The CDC CYBER 205 (a descendant of the Star-100 and the CYBER 203) allows
you as a programmer to decide how best to address your "file" space: you can use
the normal sequential file I/O, but you can also "map-in" a file to a
specified location in your virtual address space.  Another interesting element
of this architecture: the machine address all of memory using virtual *BIT*
addresses... 48 bits in every address!  Makes for interesting programming.

	Tom Putnam
	...!pur-ee!pucc-h:ac4

tom@umcp-cs.UUCP (05/02/84)

Traditional, disk based, filesystems have several important
advantages over memory-mapped filesystems in the event
of a crash.

Since traditional filesystems force the process to wait for
the actual disk access, they are kept more up to date (on disk)
than a memory-mapped filesystem would be (unless you force 
a disk write after each file write, in which case you lose
some of the performance of a memory-mapped filesystem).
More importantly, your process must have a way to know
when data it has written is safely non-volitile.
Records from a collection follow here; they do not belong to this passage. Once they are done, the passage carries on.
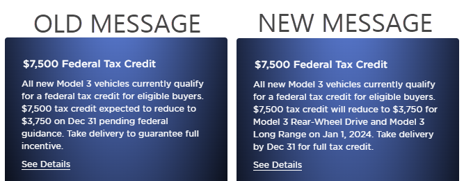 “All new Model 3 vehicles currently qualify for a federal tax credit for eligible buyers. $7,500 tax credit will reduce to $3,750 for Model 3 Rear-Wheel Drive and Model 3 Long Range on Jan 1, 2024. Take delivery by Dec 31 for full tax credit,” Tesla says on the configurator.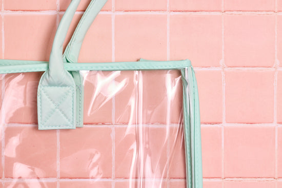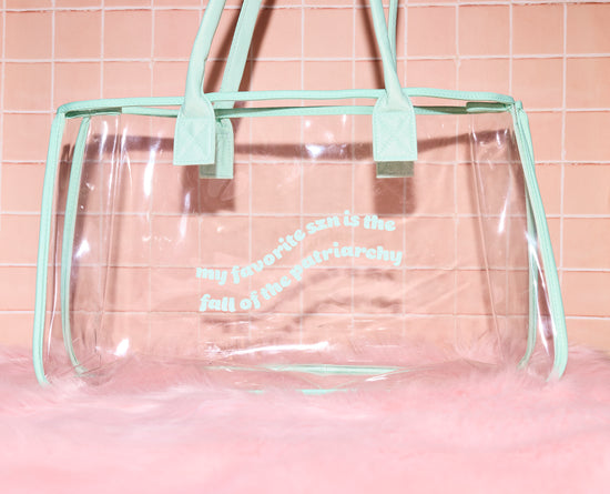 Get ready to turn heads and make waves with this large clear tote trimmed in mint, designed for feminists who celebrate fall in every sense. Measuring a roomy 19.5” W x 11.5” H x 5” D with a 10” handle drop, it's the perfect carryall for beach days, weekend escapes, or that epic bachelorette.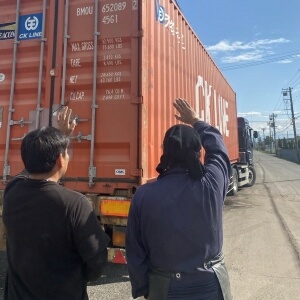 一本ずつコンテナに手作業で積み込み(約1000〜2000本)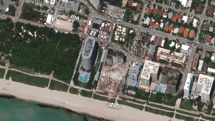No se ha informado de cuándo comenzará la demolición de la parte que queda en pie del edificio de 40 años de antigüedad, pero se ha advertido que debe hacerse antes de la posible llegada de la tormenta tropical Elsa, que se espera que el lunes se acerque al estrecho de Florida.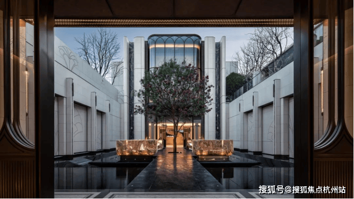 比如,整个下沉式庭院材料选用土耳其进口老虎玉,由匠人耗时60天手工打磨定制,可见海上·清和玺对业主归家仪式感设计的用心与苛求。海派光厅之外的归家迎宾树木更是由设计师辗转多个城市才寻到的、树龄超60年的福木“紫薇”。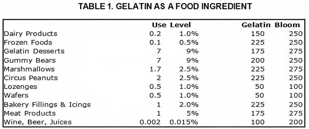 Commercial gelatin varies from 50-300 Bloom grams and, except for specialty items, is free of added colors, flavors, preservatives, and chemical additives. Gelatin is generally recognized as a safe (GRAS) food ingredient. Table 1 lists several food categories that utilize gelatin, and recommended levels and Blooms.

A file that is in memory is an easy victim to the runaway
rabid cpu, and will have to be backed up to its disk
saved previous state if it is to be salvaged reasonably.
A disk controller is far safer from accidental file munging,
and disk files usually weather cpu crashes.
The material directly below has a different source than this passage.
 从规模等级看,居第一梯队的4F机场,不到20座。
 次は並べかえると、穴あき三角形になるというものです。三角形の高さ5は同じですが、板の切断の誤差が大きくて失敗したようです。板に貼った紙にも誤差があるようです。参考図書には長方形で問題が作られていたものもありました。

Clearly the memory-mapped filesystem is much faster than
a traditional filesystem, but these issues must be
considered.  The problem of cpu plague will even remain
when we can afford to use non-volatile main memory.

With programmers getting more and more used to large chunks
of (virtual) memory, a hardware breakthrough will be required
to build a real machine with non-volitile memory.

	Tom Melton
	University of Maryland
	tom@maryland
	...decvax!harpo!seismo!umcp-cs!tom

guy@rlgvax.UUCP (Guy Harris) (05/02/84)

> Traditional, disk based, filesystems have several important
> advantages over memory-mapped filesystems in the event
> of a crash.

> Since traditional filesystems force the process to wait for
> the actual disk access, they are kept more up to date (on disk)
> than a memory-mapped filesystem would be (unless you force 
> a disk write after each file write, in which case you lose
> some of the performance of a memory-mapped filesystem).
> More importantly, your process must have a way to know
> when data it has written is safely non-volitile.
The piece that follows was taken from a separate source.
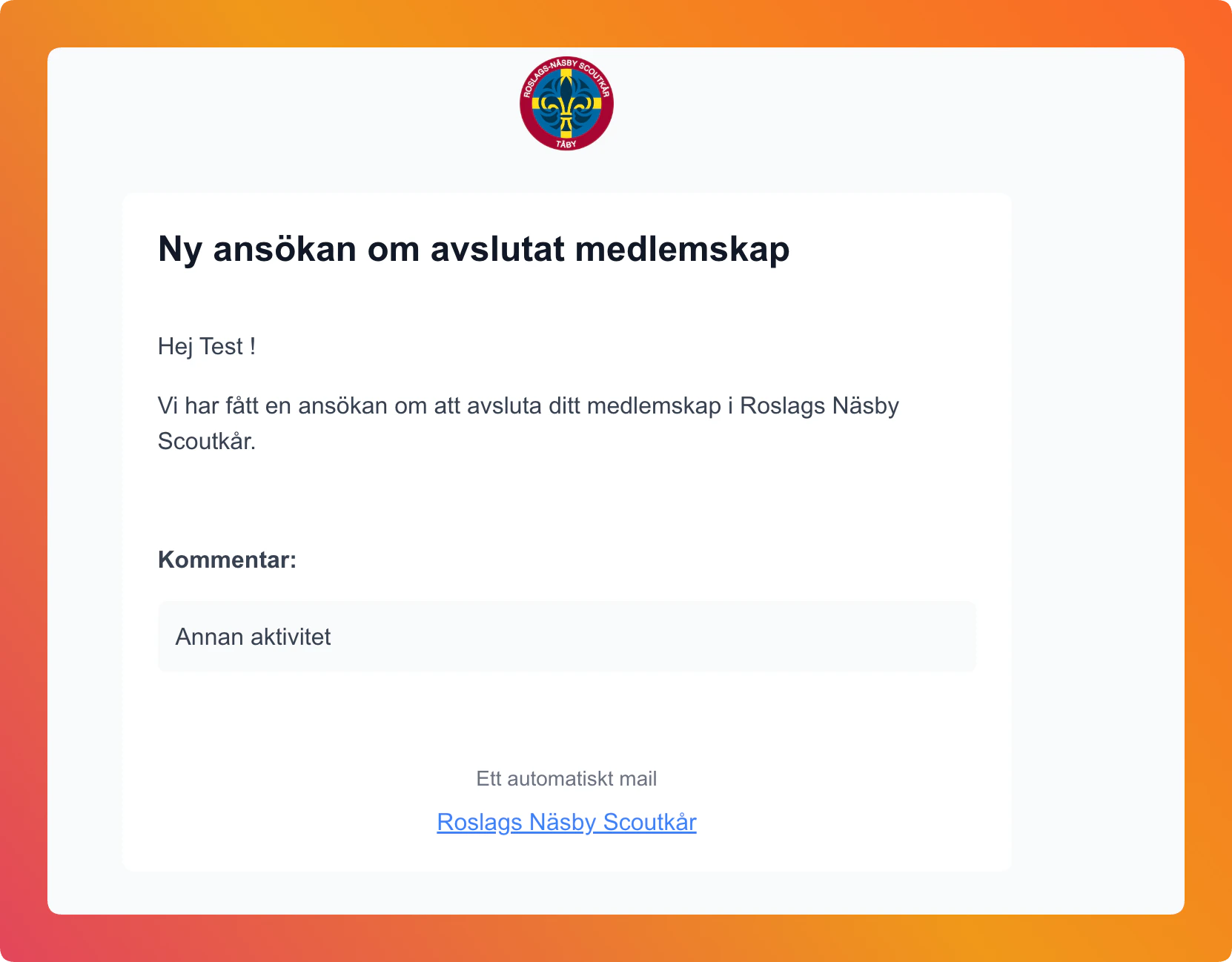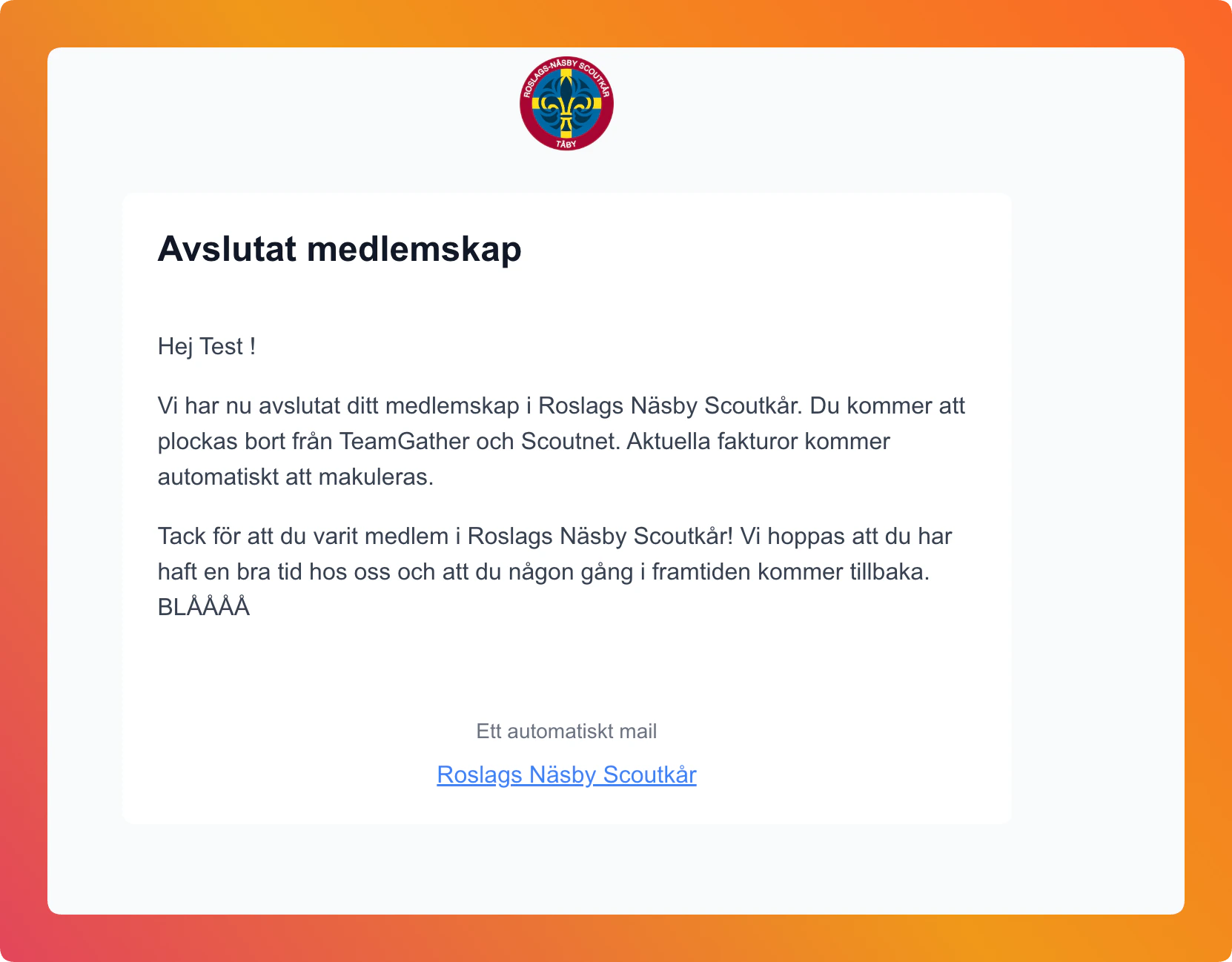 - Bekräftelse vid avslutat medlemskap – Skickas till medlemmen när ni markerat ansökan som hanterad.

> A file that is in memory is an easy victim to the runaway
> rabid cpu, and will have to be backed up to its disk
> saved previous state if it is to be salvaged reasonably.
> A disk controller is far safer from accidental file munging,
> and disk files usually weather cpu crashes.

Well, since the UNIX file system has a cache in the kernel, this
problem occurs with UNIX's non-memory-mapped file system.  What is
needed is a way to force a given "disk block", whether it's in your
process' virtual memory or in the kernel buffer cache, to be flushed
to disk on command (and for the process to be blocked until it is).
4.2BSD has the "fsync" system call, and at least the VAX-11 version
of System V has an undocumented file descriptor flag (settable by
"fcntl") which forces all writes to that file descriptor to be synchronous
(it's undocumented because it's a possibly-unintentional side-effect
of the way they implemented synchronous writes of file system data
structures).

I suspect these issues have been discussed, both for memory-mapped and
non-memory-mapped filesystems, by the same people who came up with
notions like "stable storage" when implementing crash-resistant file
and database systems.

	Guy Harris
	{seismo,ihnp4,allegra}!rlgvax!guy

mat@hou5d.UUCP (05/04/84)

Y'know, this has been done.  A paper describing an implementation for
v6 (!) was given at the second Usenix (then UUG) conference (the one
at Columbia U.)


It IS a useful file model, but there are things that the stream model
does better.  If we are going to make UN*X a ``big system'', there's room
for both.  Otherwise, let's forget it.  With computer hardware getting
cheaper, I kind of like the idea ..
-- 

					from Mole End
					Mark Terribile
		     (scrape..dig)	hou5d!mat
    ,..      .,,       ,,,   ..,***_*.

berenson@regal.DEC (Hal Berenson DTN 381 2694) (05/04/84)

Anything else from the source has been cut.